Итак, я стала Калмыковой. Фронтовик-математик иронически щурился, вызывая меня к доске, но ужасного «хенде хох» я больше не слышала. Я вступила в комсомол, и Котик Аваков, член школьного комитета, сразу взвалил на меня общественную нагрузку: я стала ведать кружком ворошиловских стрелков. Мы ходили в тир и, лежа на неприятно пахнущих матах, стреляли из мелкокалиберок в грубо намалеванные в виде фашистских солдат мишени. Самым метким стрелком был, конечно, Котик Аваков, великий спортсмен и душа школьной общественной жизни. Он жил недалеко, на углу Корганова и Чадровой, и часто провожал меня после уроков. Мы говорили о последних сводках с фронтов и обсуждали школьные дела, и однажды вечером (учились мы во вторую смену), доведя до дому и обсудив радостную весть о взятии Киева, Котик попытался меня поцеловать. «Как тебе не стыдно?» – сказала я, упершись рукой с портфелем ему в грудь. Он вспыхнул (даже в темноте было видно) и пробормотал, что я ему давно нравлюсь. И тут я, в силу вредного своего характера, выпалила: «А вот расскажу Эльмире, что ты лезешь целоваться». Котик круто повернулся и пошел прочь. Недели две он меня не замечал. Ну и пусть! Пусть ходит со своей Эльмирой и дает ей сдувать задачи по физике, делает ей домашние задания по черчению – я видела, как Эльмира тает от его внимания. Она была типичная восточная красавица – круглолицая, черные глаза с поволокой, черные брови, как ровно изогнутые луки, – и она нисколько не задавалась оттого, что ее отец, Али Аббас Керимов, был чуть ли не главным человеком в республике, после Багирова, конечно. И фигурка у Эльмиры была очень даже ничего, только зад ее портил, и я злорадствовала про себя: ну и ходи со своей толстозадой. Глупо, глупо… но я ничего не могла поделать… я ревновала… хотя не могу сказать, что была влюблена в Котика. Просто все девчонки вздыхали по нему, общему любимцу, а мне он, ну, скажем так, просто нравился. Но его общительность… то, что был вроде бы нарасхват… это почему-то злило меня…

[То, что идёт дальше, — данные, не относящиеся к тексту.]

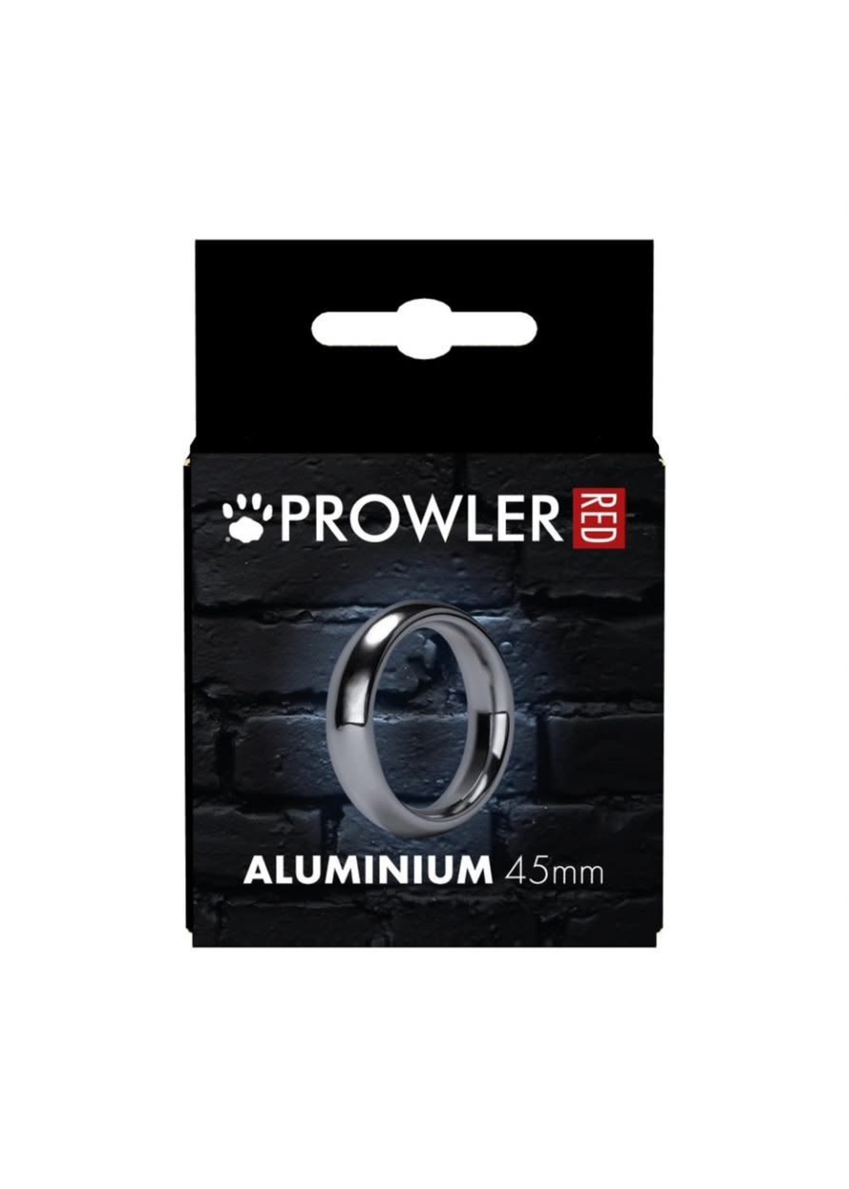 A close-up image of a black packaging box with the word 'PROWLER' in white, centered at the top. Below the word, there is a white circle with a black outline, resembling a ring. The packaging is set against a dark brick wall background. | Prowler Prowler Red Aluminum Cock Ring 45mm | 03423380a275c1eb941b0167f854716eeb276e6eec11e8947cfeef8f7b5cfce1 | 000155328748 | 0 | 0 | 43 | 7 | 0 | 0 | |

Недели через две Котик на большой перемене подошел и сказал, чтобы я написала заметку в стенгазету о работе кружка. Я возликовала. Но, конечно, и виду не подала. «А что писать? – пожала плечами. – Ходим в тир, стреляем, вот и все». – «Ну напиши, какие трудности, и как преодолеваются, и кто лучше всех стреляет». – «Ну кто! – сказала я. – Ты, конечно, и стреляешь лучше всех». И тут мы, посмотрев друг на друга, разразились хохотом. Вы, может, знаете, слово «стрелять» имеет и другой смысл: если кто-то за кем-то ухаживает, то говорят – он стреляет за ней.
Был хмурый день февраля 44-го года. Холодный дождь обещал перейти в снег. На химии Котика вдруг вызвали к директрисе, вскоре он вернулся, и я ахнула при виде его страшно побледневшего лица (у смуглых это особенно разительно). Молча он собрал тетради и учебники и, сказав учительнице: «У меня отца убили», вышел из класса.
Дома за ужином я рассказала, что пришла с фронта похоронка на отца Котика.
– Как фамилия? Аваков? – переспросил Калмыков, аккуратно очищая на своей тарелке кильку от внутренностей. – Это не технолог Ашот Аваков с судоремонтного? А-а… Ну, ему, можно сказать, повезло.